*Activity*
Please output the entries below exactly as they are.

—————

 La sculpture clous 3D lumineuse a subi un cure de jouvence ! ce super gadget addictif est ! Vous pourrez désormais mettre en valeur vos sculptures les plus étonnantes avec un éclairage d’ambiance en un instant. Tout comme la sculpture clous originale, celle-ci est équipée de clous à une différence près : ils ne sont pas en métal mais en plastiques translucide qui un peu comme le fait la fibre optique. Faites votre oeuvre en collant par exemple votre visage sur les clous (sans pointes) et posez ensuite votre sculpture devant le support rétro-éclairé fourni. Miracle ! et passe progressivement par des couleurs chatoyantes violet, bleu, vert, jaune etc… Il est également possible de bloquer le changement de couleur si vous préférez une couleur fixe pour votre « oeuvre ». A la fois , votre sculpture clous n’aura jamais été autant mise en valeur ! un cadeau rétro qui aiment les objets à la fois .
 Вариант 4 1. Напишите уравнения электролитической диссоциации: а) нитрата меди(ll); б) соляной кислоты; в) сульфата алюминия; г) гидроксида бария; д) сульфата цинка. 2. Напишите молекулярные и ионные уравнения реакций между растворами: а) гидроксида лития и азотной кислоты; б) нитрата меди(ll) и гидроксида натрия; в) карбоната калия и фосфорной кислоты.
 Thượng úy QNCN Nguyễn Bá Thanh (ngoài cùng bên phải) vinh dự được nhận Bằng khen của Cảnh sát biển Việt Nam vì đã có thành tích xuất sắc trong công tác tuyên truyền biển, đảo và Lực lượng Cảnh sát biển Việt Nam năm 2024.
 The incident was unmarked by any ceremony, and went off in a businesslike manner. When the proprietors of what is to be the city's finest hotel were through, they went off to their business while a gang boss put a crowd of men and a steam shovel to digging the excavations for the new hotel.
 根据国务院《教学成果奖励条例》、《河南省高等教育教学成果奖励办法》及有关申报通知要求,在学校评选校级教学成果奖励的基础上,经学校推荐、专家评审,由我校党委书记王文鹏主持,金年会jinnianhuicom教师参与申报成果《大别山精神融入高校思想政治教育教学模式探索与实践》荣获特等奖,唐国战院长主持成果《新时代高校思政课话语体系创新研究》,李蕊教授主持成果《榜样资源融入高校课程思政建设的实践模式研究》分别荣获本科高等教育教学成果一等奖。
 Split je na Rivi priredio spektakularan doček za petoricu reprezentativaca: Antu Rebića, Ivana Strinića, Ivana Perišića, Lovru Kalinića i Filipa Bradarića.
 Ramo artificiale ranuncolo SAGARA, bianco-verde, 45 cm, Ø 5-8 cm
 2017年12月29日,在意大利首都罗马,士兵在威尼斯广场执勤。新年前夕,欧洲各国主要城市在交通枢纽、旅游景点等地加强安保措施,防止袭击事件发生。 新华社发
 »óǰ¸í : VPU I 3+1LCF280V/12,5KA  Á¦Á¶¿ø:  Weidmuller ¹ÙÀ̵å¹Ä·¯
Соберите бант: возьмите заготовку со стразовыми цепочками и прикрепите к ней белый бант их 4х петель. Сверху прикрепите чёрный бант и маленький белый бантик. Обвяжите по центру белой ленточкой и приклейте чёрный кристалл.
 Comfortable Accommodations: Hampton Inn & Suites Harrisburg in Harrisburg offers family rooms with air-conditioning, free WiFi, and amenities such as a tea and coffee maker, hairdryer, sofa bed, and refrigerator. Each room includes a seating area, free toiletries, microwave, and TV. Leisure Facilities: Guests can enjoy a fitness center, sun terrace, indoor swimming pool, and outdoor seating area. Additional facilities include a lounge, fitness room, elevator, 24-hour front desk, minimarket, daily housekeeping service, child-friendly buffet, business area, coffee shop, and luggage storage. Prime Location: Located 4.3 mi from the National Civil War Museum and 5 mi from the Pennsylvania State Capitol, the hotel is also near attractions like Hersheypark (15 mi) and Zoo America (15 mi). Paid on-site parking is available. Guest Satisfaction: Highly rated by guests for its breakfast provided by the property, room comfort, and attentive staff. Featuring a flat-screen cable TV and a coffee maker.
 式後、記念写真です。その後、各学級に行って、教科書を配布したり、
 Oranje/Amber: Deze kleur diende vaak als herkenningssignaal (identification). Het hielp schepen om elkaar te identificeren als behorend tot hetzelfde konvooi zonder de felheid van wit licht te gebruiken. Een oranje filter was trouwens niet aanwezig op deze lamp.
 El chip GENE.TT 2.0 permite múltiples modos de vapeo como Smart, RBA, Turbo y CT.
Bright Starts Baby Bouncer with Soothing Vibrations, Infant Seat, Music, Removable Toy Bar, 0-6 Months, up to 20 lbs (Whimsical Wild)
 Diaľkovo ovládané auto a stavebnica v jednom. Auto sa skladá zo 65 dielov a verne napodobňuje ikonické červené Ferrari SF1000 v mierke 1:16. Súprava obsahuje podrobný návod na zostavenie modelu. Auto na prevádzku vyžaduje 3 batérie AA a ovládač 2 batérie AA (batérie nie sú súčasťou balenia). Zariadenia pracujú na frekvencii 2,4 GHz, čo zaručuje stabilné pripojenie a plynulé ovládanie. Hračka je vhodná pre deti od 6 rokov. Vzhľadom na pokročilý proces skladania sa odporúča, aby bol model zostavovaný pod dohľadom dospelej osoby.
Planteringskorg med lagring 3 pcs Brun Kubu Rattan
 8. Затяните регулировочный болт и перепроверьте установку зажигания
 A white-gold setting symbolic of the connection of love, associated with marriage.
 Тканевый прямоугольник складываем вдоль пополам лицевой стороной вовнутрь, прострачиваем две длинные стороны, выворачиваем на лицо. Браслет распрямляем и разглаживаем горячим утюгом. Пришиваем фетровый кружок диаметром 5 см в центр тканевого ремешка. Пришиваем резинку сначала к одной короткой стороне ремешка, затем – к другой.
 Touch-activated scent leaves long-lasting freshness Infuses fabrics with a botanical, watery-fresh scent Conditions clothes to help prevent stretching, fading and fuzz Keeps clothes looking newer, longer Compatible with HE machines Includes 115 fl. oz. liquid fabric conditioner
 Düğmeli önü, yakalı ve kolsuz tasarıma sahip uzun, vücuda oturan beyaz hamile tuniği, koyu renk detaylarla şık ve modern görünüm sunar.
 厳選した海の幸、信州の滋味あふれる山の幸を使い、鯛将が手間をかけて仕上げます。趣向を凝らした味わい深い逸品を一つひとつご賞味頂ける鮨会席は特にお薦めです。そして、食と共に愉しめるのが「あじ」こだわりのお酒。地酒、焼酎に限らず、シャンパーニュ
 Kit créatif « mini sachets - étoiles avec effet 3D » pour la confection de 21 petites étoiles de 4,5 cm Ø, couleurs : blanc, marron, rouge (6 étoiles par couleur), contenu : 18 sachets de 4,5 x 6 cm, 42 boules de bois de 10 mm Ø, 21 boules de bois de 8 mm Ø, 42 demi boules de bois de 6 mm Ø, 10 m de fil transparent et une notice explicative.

—————

*Exercise response*
 La sculpture clous 3D lumineuse a subi un cure de jouvence ! ce super gadget addictif est ! Vous pourrez désormais mettre en valeur vos sculptures les plus étonnantes avec un éclairage d’ambiance en un instant. Tout comme la sculpture clous originale, celle-ci est équipée de clous à une différence près : ils ne sont pas en métal mais en plastiques translucide qui un peu comme le fait la fibre optique. Faites votre oeuvre en collant par exemple votre visage sur les clous (sans pointes) et posez ensuite votre sculpture devant le support rétro-éclairé fourni. Miracle ! et passe progressivement par des couleurs chatoyantes violet, bleu, vert, jaune etc… Il est également possible de bloquer le changement de couleur si vous préférez une couleur fixe pour votre « oeuvre ». A la fois , votre sculpture clous n’aura jamais été autant mise en valeur ! un cadeau rétro qui aiment les objets à la fois .
 Вариант 4 1. Напишите уравнения электролитической диссоциации: а) нитрата меди(ll); б) соляной кислоты; в) сульфата алюминия; г) гидроксида бария; д) сульфата цинка. 2. Напишите молекулярные и ионные уравнения реакций между растворами: а) гидроксида лития и азотной кислоты; б) нитрата меди(ll) и гидроксида натрия; в) карбоната калия и фосфорной кислоты.
 Thượng úy QNCN Nguyễn Bá Thanh (ngoài cùng bên phải) vinh dự được nhận Bằng khen của Cảnh sát biển Việt Nam vì đã có thành tích xuất sắc trong công tác tuyên truyền biển, đảo và Lực lượng Cảnh sát biển Việt Nam năm 2024.
 The incident was unmarked by any ceremony, and went off in a businesslike manner. When the proprietors of what is to be the city's finest hotel were through, they went off to their business while a gang boss put a crowd of men and a steam shovel to digging the excavations for the new hotel.
 根据国务院《教学成果奖励条例》、《河南省高等教育教学成果奖励办法》及有关申报通知要求,在学校评选校级教学成果奖励的基础上,经学校推荐、专家评审,由我校党委书记王文鹏主持,金年会jinnianhuicom教师参与申报成果《大别山精神融入高校思想政治教育教学模式探索与实践》荣获特等奖,唐国战院长主持成果《新时代高校思政课话语体系创新研究》,李蕊教授主持成果《榜样资源融入高校课程思政建设的实践模式研究》分别荣获本科高等教育教学成果一等奖。
 Split je na Rivi priredio spektakularan doček za petoricu reprezentativaca: Antu Rebića, Ivana Strinića, Ivana Perišića, Lovru Kalinića i Filipa Bradarića.
 Ramo artificiale ranuncolo SAGARA, bianco-verde, 45 cm, Ø 5-8 cm
 2017年12月29日,在意大利首都罗马,士兵在威尼斯广场执勤。新年前夕,欧洲各国主要城市在交通枢纽、旅游景点等地加强安保措施,防止袭击事件发生。 新华社发
 »óǰ¸í : VPU I 3+1LCF280V/12,5KA  Á¦Á¶¿ø:  Weidmuller ¹ÙÀ̵å¹Ä·¯
Соберите бант: возьмите заготовку со стразовыми цепочками и прикрепите к ней белый бант их 4х петель. Сверху прикрепите чёрный бант и маленький белый бантик. Обвяжите по центру белой ленточкой и приклейте чёрный кристалл.
 Comfortable Accommodations: Hampton Inn & Suites Harrisburg in Harrisburg offers family rooms with air-conditioning, free WiFi, and amenities such as a tea and coffee maker, hairdryer, sofa bed, and refrigerator. Each room includes a seating area, free toiletries, microwave, and TV. Leisure Facilities: Guests can enjoy a fitness center, sun terrace, indoor swimming pool, and outdoor seating area. Additional facilities include a lounge, fitness room, elevator, 24-hour front desk, minimarket, daily housekeeping service, child-friendly buffet, business area, coffee shop, and luggage storage. Prime Location: Located 4.3 mi from the National Civil War Museum and 5 mi from the Pennsylvania State Capitol, the hotel is also near attractions like Hersheypark (15 mi) and Zoo America (15 mi). Paid on-site parking is available. Guest Satisfaction: Highly rated by guests for its breakfast provided by the property, room comfort, and attentive staff. Featuring a flat-screen cable TV and a coffee maker.
 式後、記念写真です。その後、各学級に行って、教科書を配布したり、
 Oranje/Amber: Deze kleur diende vaak als herkenningssignaal (identification). Het hielp schepen om elkaar te identificeren als behorend tot hetzelfde konvooi zonder de felheid van wit licht te gebruiken. Een oranje filter was trouwens niet aanwezig op deze lamp.
 El chip GENE.TT 2.0 permite múltiples modos de vapeo como Smart, RBA, Turbo y CT.
Bright Starts Baby Bouncer with Soothing Vibrations, Infant Seat, Music, Removable Toy Bar, 0-6 Months, up to 20 lbs (Whimsical Wild)
 Diaľkovo ovládané auto a stavebnica v jednom. Auto sa skladá zo 65 dielov a verne napodobňuje ikonické červené Ferrari SF1000 v mierke 1:16. Súprava obsahuje podrobný návod na zostavenie modelu. Auto na prevádzku vyžaduje 3 batérie AA a ovládač 2 batérie AA (batérie nie sú súčasťou balenia). Zariadenia pracujú na frekvencii 2,4 GHz, čo zaručuje stabilné pripojenie a plynulé ovládanie. Hračka je vhodná pre deti od 6 rokov. Vzhľadom na pokročilý proces skladania sa odporúča, aby bol model zostavovaný pod dohľadom dospelej osoby.
Planteringskorg med lagring 3 pcs Brun Kubu Rattan
 8. Затяните регулировочный болт и перепроверьте установку зажигания
 A white-gold setting symbolic of the connection of love, associated with marriage.
 Тканевый прямоугольник складываем вдоль пополам лицевой стороной вовнутрь, прострачиваем две длинные стороны, выворачиваем на лицо. Браслет распрямляем и разглаживаем горячим утюгом. Пришиваем фетровый кружок диаметром 5 см в центр тканевого ремешка. Пришиваем резинку сначала к одной короткой стороне ремешка, затем – к другой.
 Touch-activated scent leaves long-lasting freshness Infuses fabrics with a botanical, watery-fresh scent Conditions clothes to help prevent stretching, fading and fuzz Keeps clothes looking newer, longer Compatible with HE machines Includes 115 fl. oz. liquid fabric conditioner
 Düğmeli önü, yakalı ve kolsuz tasarıma sahip uzun, vücuda oturan beyaz hamile tuniği, koyu renk detaylarla şık ve modern görünüm sunar.
 厳選した海の幸、信州の滋味あふれる山の幸を使い、鯛将が手間をかけて仕上げます。趣向を凝らした味わい深い逸品を一つひとつご賞味頂ける鮨会席は特にお薦めです。そして、食と共に愉しめるのが「あじ」こだわりのお酒。地酒、焼酎に限らず、シャンパーニュ
 Kit créatif « mini sachets - étoiles avec effet 3D » pour la confection de 21 petites étoiles de 4,5 cm Ø, couleurs : blanc, marron, rouge (6 étoiles par couleur), contenu : 18 sachets de 4,5 x 6 cm, 42 boules de bois de 10 mm Ø, 21 boules de bois de 8 mm Ø, 42 demi boules de bois de 6 mm Ø, 10 m de fil transparent et une notice explicative.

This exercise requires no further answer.